“Tell It Slant”: Author Emma Lapsansky-Werner Speaks

This excerpt is adapted from the new book, Tell It Slant, which charts Chuck Fager’s prophetic life of adventure & writing on religion, war, and justice, love and laughter.

Tell It Slant is available now, in paperback & Kindle versions. Details here.

By Emma Lapsansky-Werner

A short bio:  Emma Jones Lapsansky-Werner is emeritus Professor of History and emeritus Curator of the Quaker collection of Haverford College.

Chuck, Emma, and Douglas Gwyn – November 2019, at the launch of “Passing the Torch,” to which each contributed.

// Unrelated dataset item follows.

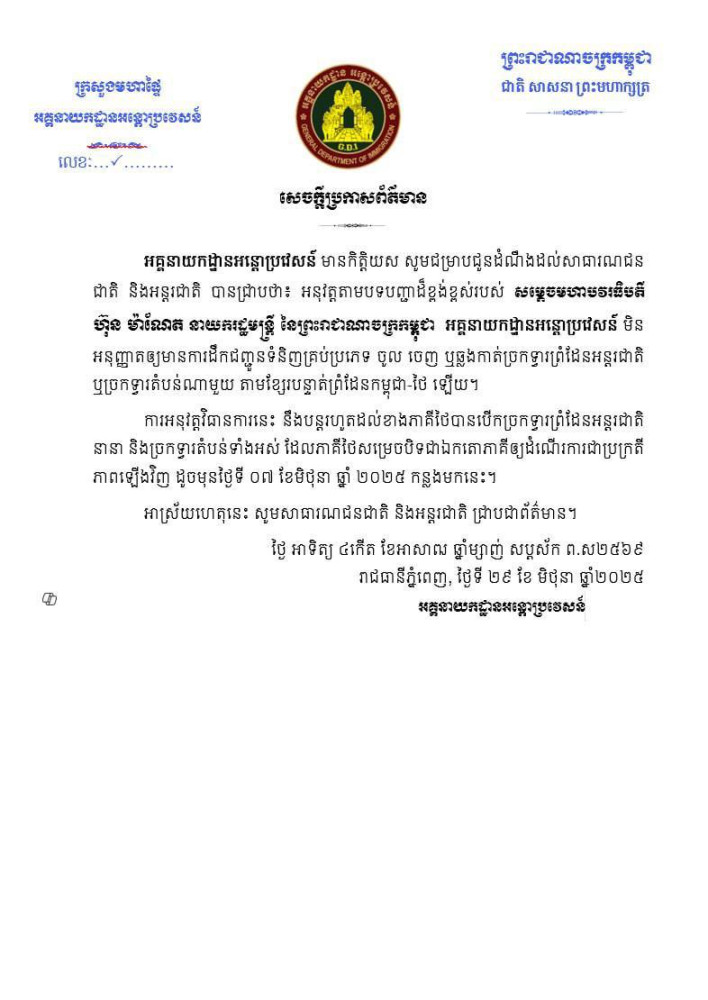 The General Department of Immigration made the announcement this afternoon, following the high-level directive of Samdech Moha Borvor Thipadei Hun Manet, Prime Minister of the Kingdom of Cambodia.

Emma lives near Philadelphia, PA, where she continues to teach, to do research and to publish, to consult with scholars, to work as a professional editor, and to host periodic writers’ workshops at Minerva’s by the Sea, her bed and breakfast near a lighthouse in coastal New Jersey. [Check out her website for another Writers Workshop upcoming November 2024:  MinervasBandB.com]

Emma meditating in the Himalayas

In 1966, after taking a one-year break in her undergraduate education to work in the Mississippi civil rights movement with the Delta Ministry of the National Council of Churches, she received her BA in History from the University of Pennsylvania, and her doctorate in American Civilization from the same institution. Her research interests include Quaker history, African-American history and especially the intersection between the two, as well as Pennsylvania history, the American West, and various aspects of American social, urban, and material-culture history.

Tell It Slant
is only the most recent of Emma’s numerous collaborative writing projects. Earlier titles include Quaker Aesthetics (Univ of PA Press, 2003, with Anne Verplanck); Back to Africa: Benjamin Coates and the American Colonization Movement (Penn State University Press, 2005, with Margaret Hope Bacon). With Gary Nash and Clayborne Carson, Lapsansky, she authored Struggle for Freedom, a college-level African American history text, the third edition of which appeared in 2018. She also co-authored the Pearson Education high-school American History text.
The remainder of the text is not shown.